Edwin Tuohey, brother of Shane, said there were growing frustrations about the way they were proceeding. His family sought to change solicitors and, while waiting for a new legal team to be approved, they heard at least one Garda witness may have been called in their absence.
“We’ve asked for clarity on a lot of things because we don’t know what’s happening,” said Mr Tuohey. “We see Maurice McCabe up in Dublin Castle — and that’s only right — but we’re in a half-derelict building away from the public eye and we’re forgotten.”
Emma Kelly, sister of John Kelly, said the family met their judge last month but said: “We’re still quite in the dark with a lot of stuff. There’s nothing set in stone about the people they’re going to call and how they’re going to proceed. We’re sort of at a standstill.”
The James Clancy inquiry had three hearing days last month.

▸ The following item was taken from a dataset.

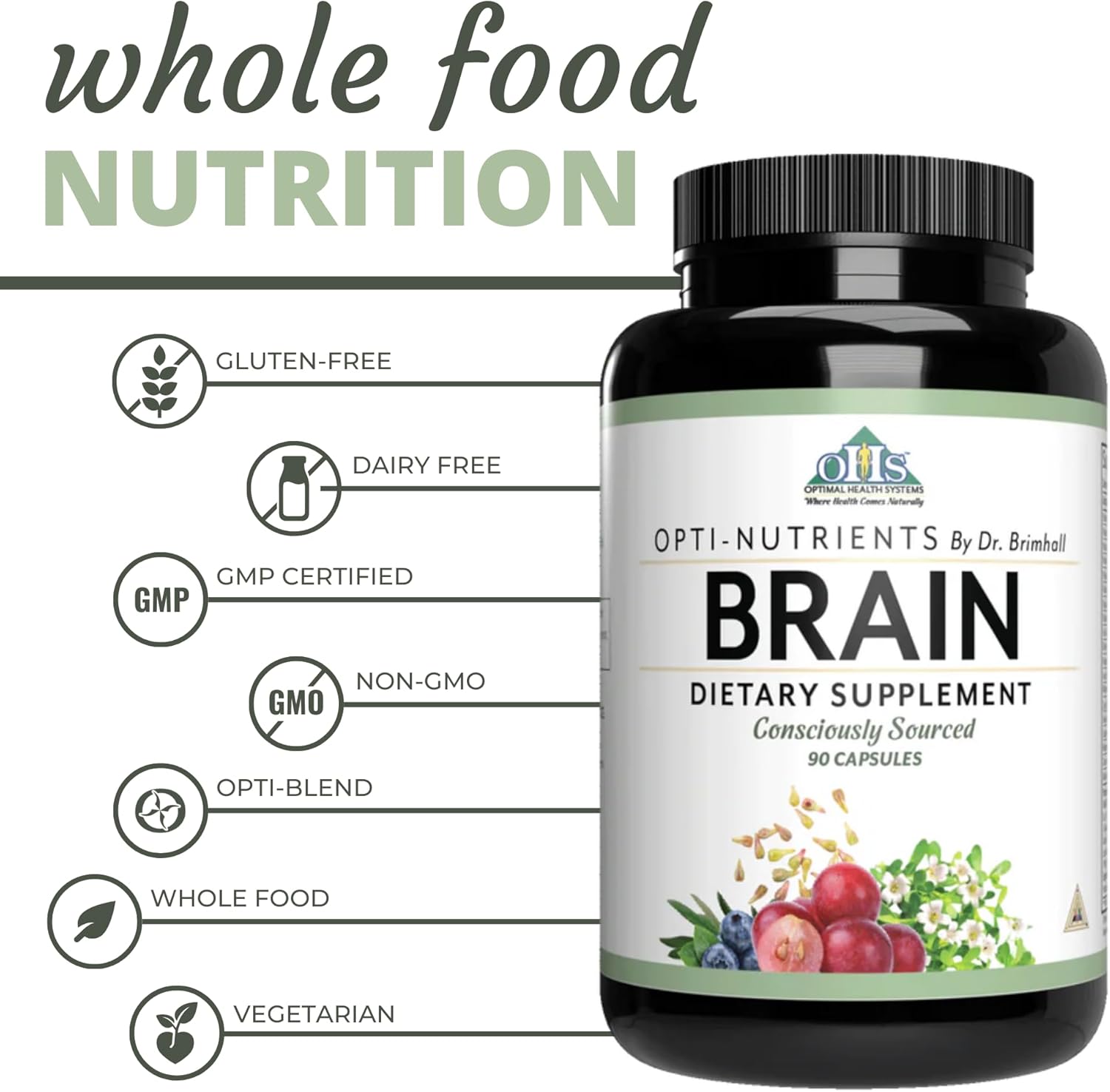 Optimal Health Systems Brain | Most Comprehensive Nootropic + Enzyme Delivery | 700 Mg Scientific Neuroenhancment Blend | Boost Mood, Memory & Focus | 90 Capsules

“We’re going the best of all them,” said his son, Joe Clancy. “But we’d want to be because this won’t be the end for us. The terms of reference only look at what happened to the files in my father’s case but I have a right to know who killed my father so we need this to move along.”
The Nugent family met their judge last week. They, too, have concerns about the terms of reference.
Mr Mulcahy’s inquiry is understood to be preparing to call witnesses.
Darragh Mackin of the Kevin Winters law firm, which represents all but the Tuoheys, said the complexity of the cases may not have been appreciated when the inquiries were set up.
The Department of Justice said: “Interim reports have been received in the case of all five inquiries which indicate the progress that is being made. However, the minister has requested a further updated report in relation to each of the inquiries with a view to determining a revised timeframe for submission of a final report in each case.”